29.09.2019 von 19:00 bis 19:50
»Manchmal denke ich, es wäre besser, wenn sich meine Eltern scheiden lassen.«
Ich nippte am Eistee, den mir mein bester Freund und Nachbar Sven in die Hand gedrückt hatte, kaum, dass die Tür hinter mir ins Haus gefallen war. Da draußen war es mal wieder laut in der Siedlung, in die meine Eltern nach meiner Geburt gezogen waren und das wegen ihnen. Sie schrien sich an, während mein Vater ausgesperrt im Vorgarten auf und ab Schritt, und meine Mutter eine Furie und Schlimmeres nannte. Sie wiederum beschimpfte ihn aufs Übelste, während sie seine Klamotten aus dem Fenster warf. Der ganz normale Wahnsinn in meiner Familie, der mich zu unseren Nachbarn trieb.
»Was hat er diesmal angestellt?«, wollte Sven wissen und setzte sich zu mir an den Küchentisch.
»Vermutlich fremdgegangen.«
Mein Magen drehte sich nur ein bisschen um. Es ging mir schon lange nicht mehr dreckig, wenn ein unschönes Geheimnis gelüftet wurde.

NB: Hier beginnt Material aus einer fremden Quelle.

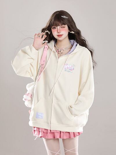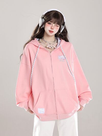 2024 秋冬トップスかわいい パーカー フード付き韓国風 プリント 長袖ゆったり細見え白黒おしゃれレトロシルエット大人っぽ韓国フルサイズファッション系ルーズレディースサイド学生通学トラック羽織り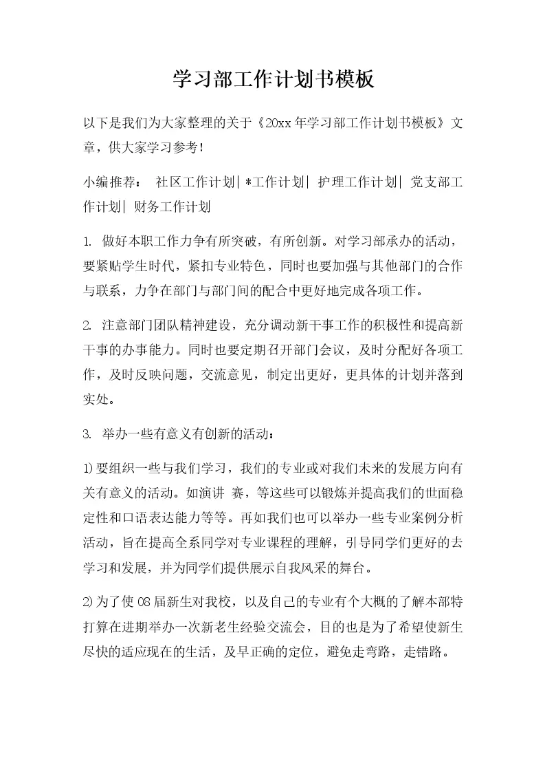 学习部工作计划书模板

Anfangs hatte ich mich stundenlang übergeben müssen, so schrecklich fand ich das ganze Theater, aber inzwischen fühlte ich nur noch ein kurzes Ziehen im Bauch.
Sven sagte eine Weile nichts, bevor er sich nach einem Seufzen durchs dunkelblonde lange Haar strich, für das ihn mein Vater für eine Tucke hielt. Das und Svens Rollen im Schultheater, die zumeist weiblich ausfielen. Dabei sah mein bester Freund echt heiß aus im Kleid, aber das würde ich nie zugeben.
»Weißt du, du tust mir leid.«
»Ich tue mir selber leid.« Aber die Familie konnte man sich nicht aussuchen. Ich hatte nicht den blassesten Schimmer, warum meine Eltern diese Farce von Ehe aufrechterhielten. Vielleicht brauchten sie dieses Drama einfach.
»Morgen ist eh alles Vergeben und Vergessen.«
Sobald mein Vater die Nacht im Hotel verbracht hatte und wieder heimkehrte, lagen sie sich in den Armen. Er brauchte nur auf den Boden vor ihren Füßen krauchen, damit sie ihm verzieh. Ihm seine leeren Versprechungen glaubte, bis ... zum nächsten Showdown.
»Sorry, dass ich das sage, aber sie haben einen an der Klatsche.«
Wer wusste das nicht besser als ich? Den Wink mit dem Zaunpfahl für eine Therapie ignorierten sie beide. Ob ich den in den Raum warf oder Svens Eltern, die helfen wollten. Ich wünschte, ich wäre deren Kind.
»Können wir über was anderes reden?«, versuchte ich, das Thema zu wechseln, weil diese Gedanken immer komisch waren.
Sven ging drauf ein, indem er mir einen Helm reichte. Mein Lächeln nahm sicher gigantische Ausmaße an, als ich ihn mir aufsetzte und meinem besten Freund in die Garage folgte. Es gab nichts, was ich jetzt lieber täte als eine Runde mit Svens Motorrad zu drehen. Einfach nur losfahren. Die Seele baumeln lassen ... herrlich.
Da rückten die Familienprobleme schnell in den Hintergrund, bis ich sie irgendwann ganz vergaß. Konnte nicht jeder Tag so sein? Manchmal wünschte ich mir, dass die Zeit stehen blieb, wenn Sven mit mir losfuhr und ich mich an seinen Rücken schmiegen durfte, ohne, dass es seltsam für einen von uns wurde.
»Meinst du, sie werden dich vermissen?« Sven warf einen Blick über die Straße auf den mit Klamotten bedeckten Vorgarten, wo mein Vater tobte wie ein Berserker.
»Nein, nicht die nächsten vierundzwanzig Stunden«, entgegnete ich, ohne zurückzusehen. Für meine Eltern existierte ich im Moment nicht, und das war ganz gut so.